Unemployed and Over 50 Need Help
Alicia H. Munnell is a columnist for MarketWatch and director of the Center for Retirement Research at Boston College.
Older individuals suffering long-term unemployment face stiff challenges to finding a job
Put together being over 50 with extended unemployment and almost 2 million older Americans may never work again in the private sector. Instead of having these people deplete all their resources and arrive in their 60s destitute, the government should establish a program to put them to work.
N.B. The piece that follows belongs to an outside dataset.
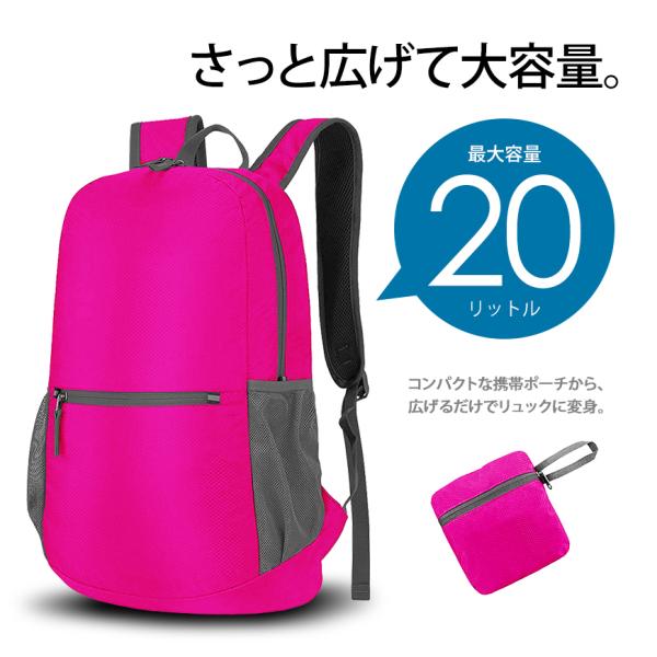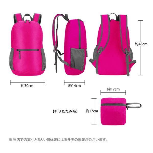 ・ちょっとしたお出かけのお買い物や、旅行時の予備バッグ、登山やキャンプなどのアウトドアシーン、防災グッズなどとしておすすめな折りたたみができるリュックサックです

When the most recent employment report was released, the PBS News Hour presented a segment on a group of people over 50 who had been out of work. The participants said that employers had little interest in even talking to them. Sometimes, when applying for jobs, these older applicants deleted up to 15 years of experience from their resumes to get through the door, but as soon as the interviewers saw how old the applicants were their faces dropped and they cut the interview short. In some sense, as unfair as it sounds, this treatment is not unexpected.
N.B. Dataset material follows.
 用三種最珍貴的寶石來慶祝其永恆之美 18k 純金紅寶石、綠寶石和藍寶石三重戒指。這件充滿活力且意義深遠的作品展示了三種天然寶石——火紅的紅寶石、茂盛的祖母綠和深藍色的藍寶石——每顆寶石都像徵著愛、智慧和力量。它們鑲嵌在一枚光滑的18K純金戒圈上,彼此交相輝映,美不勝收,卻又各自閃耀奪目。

Economists, in a series of studies, have documented that older workers have a much harder time finding re-employment than their younger counterparts. Some of the explanation for the difference is that older people are less malleable – they are fully formed human beings with a specific skill set – and more difficult to fit into existing slots. Another part of the explanation may be age discrimination. Employers worry whether older people can learn new skills and they are not sure how long they will stay. Age discrimination laws may also work against older job seekers; it is illegal to lay off on the basis of age, so employers may just avoid hiring older workers in the first place.
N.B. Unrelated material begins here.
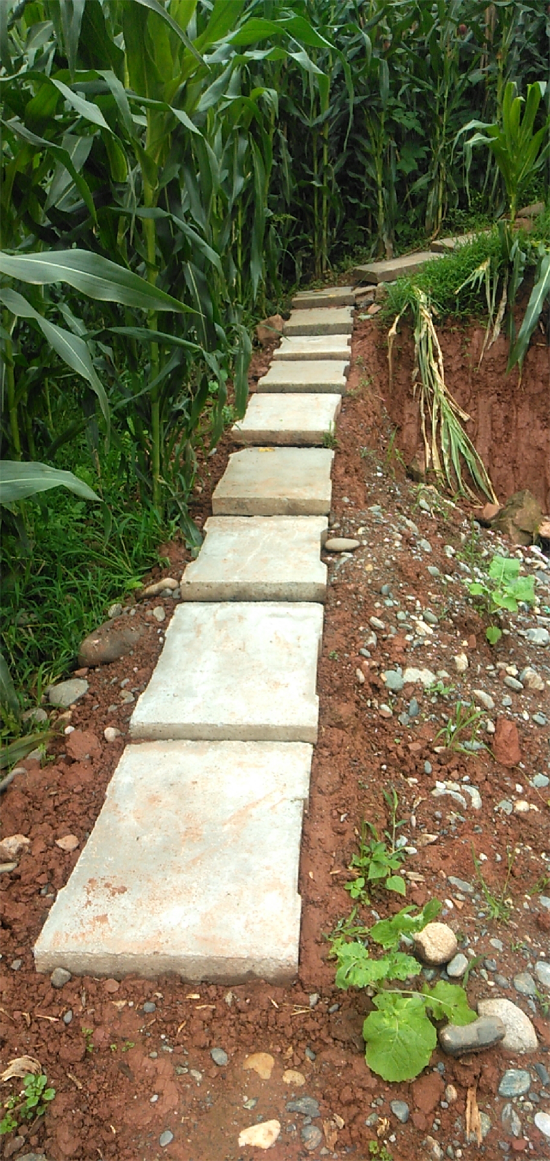 在蘆山縣佛圖山項(xiàng)目建設(shè)中,路橋公司蘆山寶興片區(qū)臨時黨支部了解到此處有一段便道坑洼不平,遇到雨季道路泥濘,嚴(yán)重影響村民的生活和生產(chǎn),且存在一定的安全隱患。為此,臨時黨支部主動提出要為群眾修補(bǔ)便道,原本只是一個帶斜角的陡坡,通過加蓋水泥預(yù)制板臺階,便道變得平整起來。考慮到出行的方便性,還將便道與通村馬路連接在一起,受到當(dāng)?shù)匕傩盏母叨荣潛P(yáng),群眾出行難題得到有效解決。
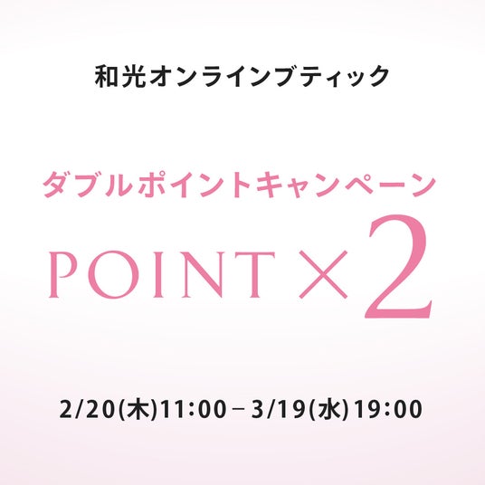 オンラインブティック限定 ダブルポイントキャンペーン2月20日(木)11:00~3月19日(水)19:00の期間限定で、オンラインブティックでのお買物にて、通常の2倍(お買上げ金額の2%)のポイントを進呈いたします。

Add to this mix the results of a recent study that explored the relationship between the number of weeks of unemployment and the likelihood of receiving a callback after submitting an application. The researchers submitted fictitious resumes to real online job postings in each of the largest U.S. metropolitan areas. They sent roughly 12,000 resumes to roughly 3,000 job postings in sales, customer service, administrative support and clerical job categories. They tried to make their fictitious resumes look as close as possible to real resumes posted on job boards. In some cases, the resumes showed the applicant as currently employed, in other cases as unemployed for spells of between 1 to 36 months. They found that the callback rate sharply declined during the first eight months of unemployment – from 7 percent to 4 percent – and then stabilized. This 45-percent decline compares to the results of another study where black-sounding names received 33 percent fewer callbacks than white-sounding names.
This recent study supports earlier work as well as anecdotal evidence of signs saying “unemployed need not apply.” The problem is that when the stigma of being unemployed is added to the stigma of being old, the chance of getting a job is very, very small. This outcome is not only unfair, but also wasteful from a national perspective as a substantial amount of experience and talent goes unused. Extended periods of unemployment also destroy the lives of the individuals affected. They use up their savings, they tap their 401(k)s, they sell their homes, and then they are left with nothing. And the number of older unemployed workers is large. As of 2012, almost 2 million people over 50 were unemployed for more than six months; 1.3 million for a year or more. We need a jobs corp for these individuals and we need it fast.